The balanced scenario limits of PV injection are presented in
Figure 7. Having verified the most critical buses in
Figure 5, where the voltage unbalance is more likely to be the highest (i.e., Bus 8, 9, and 10), the minimum load case is chosen, since it is the one where the highest unbalance is observed with the 3.5 kW simulation. Also, the nominal voltage limits of ±10% are observed, since these limits could be broken before the voltage unbalance ones are. The results in
Figure 7 show that the voltage unbalance limits of 2–3% are reached before the ±10% nominal voltage ones. The maximum value of PV generation in this balanced scenario varies from 10 kW to 13 kW for the 2% and 3% limits, respectively.

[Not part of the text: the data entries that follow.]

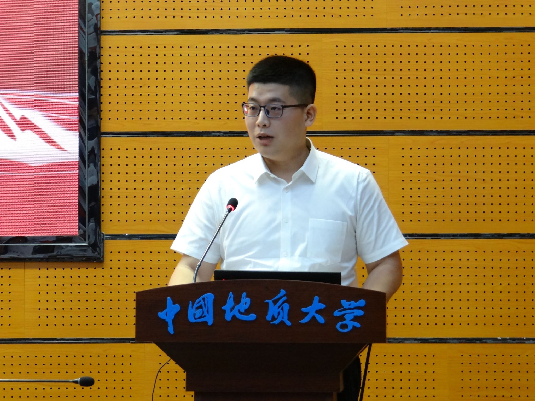 教师代表、湖北名师徐思煌教授发言。他回忆了自己受李四光精神感召下选择地质学专业,并在教育工作中践行科学家精神的经历。他强调野外实践与科研创新相结合对培养拔尖创新人才的关键作用。他鼓励同学们在夯实学业基础上,积极参加创新创业赛事,不断磨练创新思维,成长成才。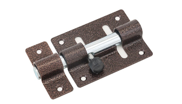 Засов накладной для деревянных и металлических дверей. Материал - сталь, полимерное покрытие. Габариты корпуса - 88х70 мм, 4 крепежных отверстия. Цилиндрический ригель диаметром 14 мм с вылетом 35 мм. В комплекте ответная планка 25х67 мм.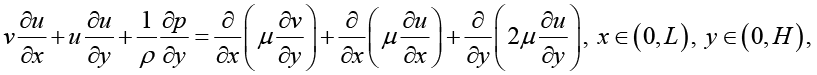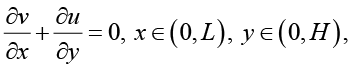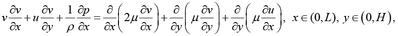 Рассмотрим задачу определения скорости V = (v,u) рабочей жидкости в тонком коллекторе. Считаем, что движение жидкости в коллекторе установилось, скорость течения не зависит от времени. Для построения математической модели используем стационарное уравнение Навье – Стокса и уравнение несжимаемости, которые запишем в двумерной покомпонентной форме для составляющих вектора скорости в декартовой системе координат x, y.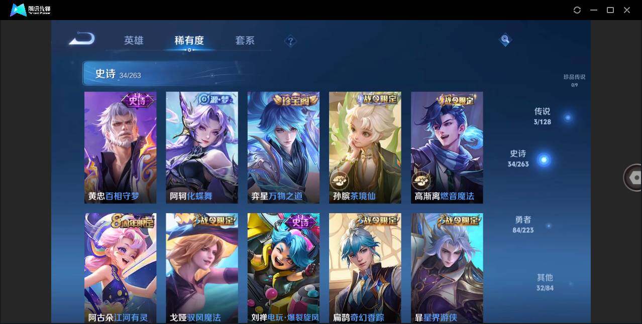 - [12259798]V9 5典藏 1无双 16传说 125英雄 285皮肤 可修改实名 优质装备:星空梦想(太空人),无限飓风号(高达),鸣剑·曳影,银白咏叹调(倪克斯侍卫),弑枪猎影(韩信典藏),真我赫兹(瑶)(瑶无双),末日机甲-孙尚香(绿蚂蚱),地狱火,仲夏夜之梦(大飞蛾),音你心动-小乔,淬星耀世,超时空战士-狄仁杰,遇见胡旋,碎云,记忆之芯(机甲兔),妄想实况 珍宝阁皮:妄想食味 限定皮:至尊宝,白虎志(电光耗子),太华(伽罗年限),梅西,傲雪梅枪,神威(电光马子),飞衡(韩信年限),遇见飞天,高山流水,五谷丰年,武圣,梁祝,御风骁将(吕布年限),天狼狩猎者,岱宗(典韦年限),逐梦之音,天狼征服者,李小龙,逐梦之影,永曜之星,霸王别姬-虞姬,孙行者,青春决赛季,乒乒小将,深海之息(深海大菠萝) 史诗皮:石田雨龙,百相守梦-黄忠,紫霞仙子,苍穹之光,白龙吟,千年之狐,冰冠公主,白蛇,真我赫兹(百里守约),高渐离燃音魔法,无限星赏官,偶像歌手,龙骑士(小龙虾),暗夜猫娘,猫狗日记-大乔,节奏热浪,女仆咖啡,水果甜心,绅士熊喵,天才门将,星夜王子,时之奇旅-安琪拉,功夫厨神,德古拉伯爵,暗隐猎兽者,幽灵船长,鬼剑武藏,心灵战警,乐园奇幻夜,天秀·启明,舞动绿茵,地狱岩魂,诗语江南,纤云弄巧,缤纷独角兽,乘风破浪,水晶猎龙者,金属风暴,圣诞狂欢,鹰眼统帅,魅力维加斯,天秀·音浪,未来纪元-赵云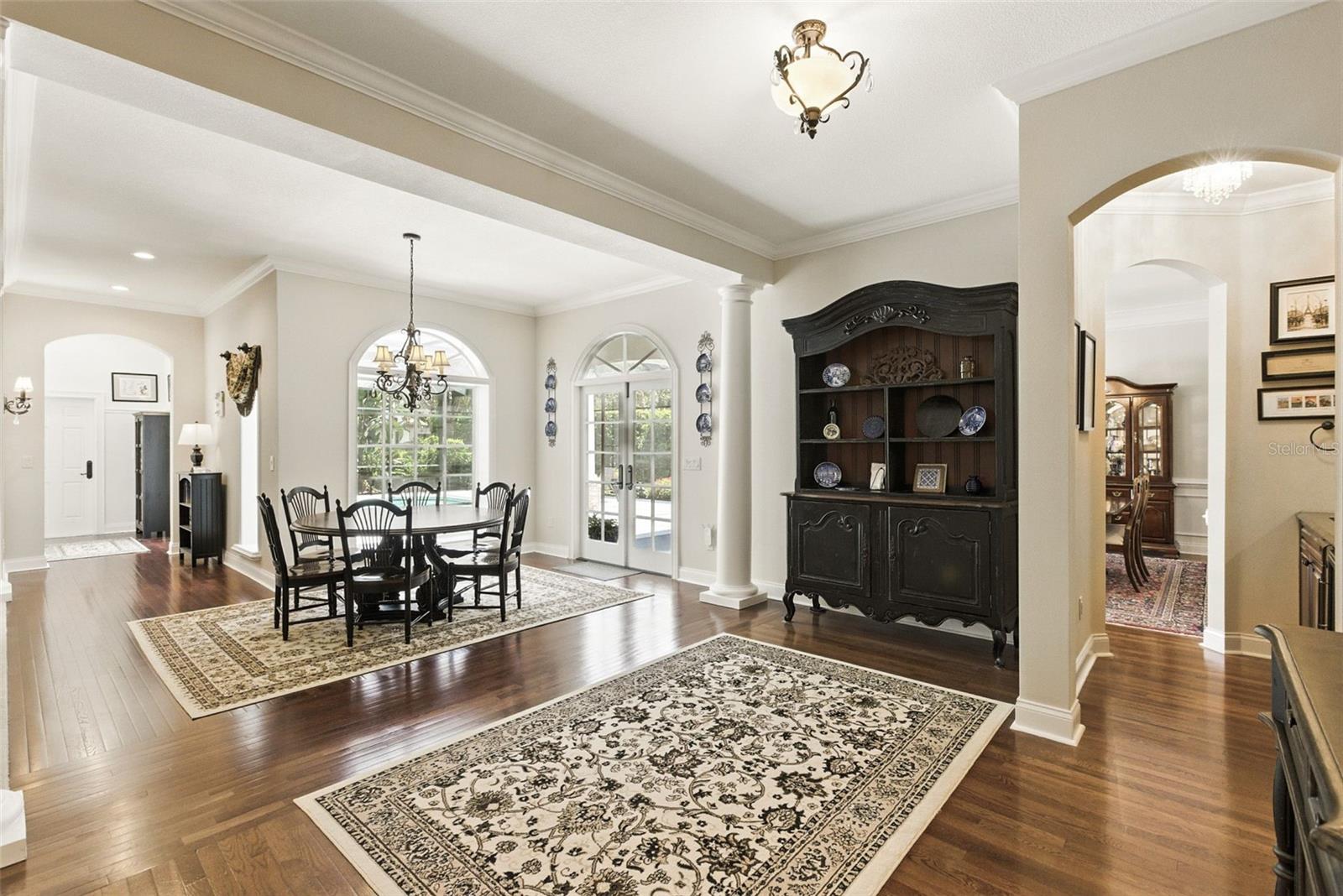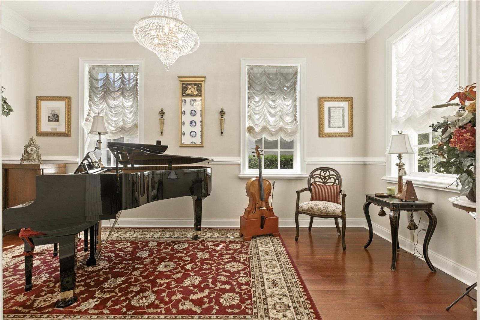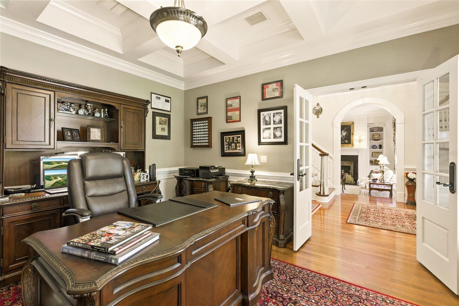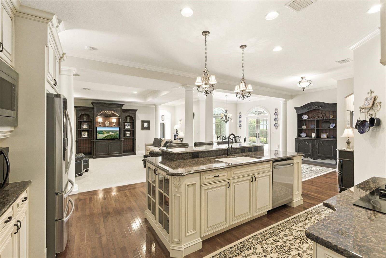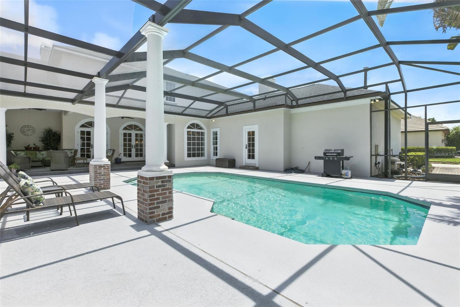 Experience the classic beauty and effortless living of this stately Southern 5-bedroom, 4.5-bathroom home designed for entertaining in the serene Northshore Village of Keene’s Pointe—a guard-gated golf and country club community. Set among lakefront estates, this traditional Georgian Colonial-style residence, built by Stonebridge Homes, sits on a generous half-acre lot and exudes grandeur from the moment you arrive. A welcoming columned front porch leads into a gracious foyer, flanked by a refined library to the left and a formal living room with fireplace to the right. Continue through to discover a stunning music room large enough for a grand piano and an elegant dining room with French doors that open to a sparkling pool oasis. Natural light pours in through Palladian windows, highlighting handcrafted woodwork, hardwood floors, and crystal chandeliers throughout. The butler’s pantry—with wine cooler and ice maker—connects seamlessly to an open kitchen that encompasses a spacious family room anchored by a brick fireplace. Nearby is the secondary staircase that leads to the upstairs media room/Pub-style Bar and the additional 4 bedrooms, while you will see the main floor guest ensuite (BR#5) located off the Family Room in its own wing for maximum privacy. A large bright breakfast area keeps everyone connected and offers direct access to the expansive screened pool and lanai. Perfect for year-round entertaining, the outdoor living space features a covered sitting area, fireplace, and mounted TV—all under roof and adjacent to the enormous pool. Upstairs, you’ll find four bedrooms including a luxurious primary retreat complete with its own fireplace, as well as a versatile media room everyone can enjoy. Additional highlights include two oversized garages—one single bay ideal for a boat or large truck, and a separate two-car garage—both accessible from the rear of the home. A rare combination of classic elegance, flexible space, and value, this home has been meticulously maintained by current original owners and a new roof installed in 2022. A recent remodel/expansion of the home added some 600 sq ft of AC living space to the original plan. Public records are currently being updated to reflect that new amount.

In terms of comparison with the values from the literature review of all of the MS, the ratio between the injected PV power and the total power requested to the upstream power transformer found in this study is 143 kW/430 kW = 33%, whereas the ranges found in the legislation vary from 0.4 to 1. However, a distinction must be made between injected power and PV installation power. The values found in this study refer to a maximum power injection per bus, whereas the limits of Member States refer to maximum PV connection per household.
The power injection simulations have been approached from the most conservative assumption. If a simultaneity factor (SF) lower than 1 is taken into consideration, than the maximum power could be increased, which is actually what many DSO use. This is because it is very unlikely that all of the consumers would have a PV panel generating the maximum power at the very same moment, and all with the same power demand. Another factor to take into consideration is the performance ratio (PR), which is also called quality factor, and refers to the overall performance of the system (orientation of the panels, losses, shades, dust in panels, etc.). This refers to the AC power that is actually provided by the system, which is very different from the peak power installed in the panels.
Buses closer to the power transformer allow higher power connections than further ones due to the distances of cables and consequent voltage drops. Therefore, three-phase connections should be encouraged whenever possible. This would allow a more balanced voltage and a compensation of the voltage drop, especially in the most distant buses, and consequently higher power connections. Variables such as the length of the feeders, the load considered during the simulation, and the zero sequence shunt capacitance reactance of the cables influence the model’s results the most. In terms of implications for public policies and proposed schemes, by identifying such limits of power injection, it is not desirable that in single-phase connections, similar schemes to net metering are used, especially with high penetration levels. This is because it makes an unnecessary or undesirable use of the grid, i.e., consumers may put power on the grid that they may use later, without actually having an incentive to consume when they generate power. A behaviour change towards an immediate consumption or local storage should be incentivised, and since there is a limit of power to be injected per bus, it should be optimised.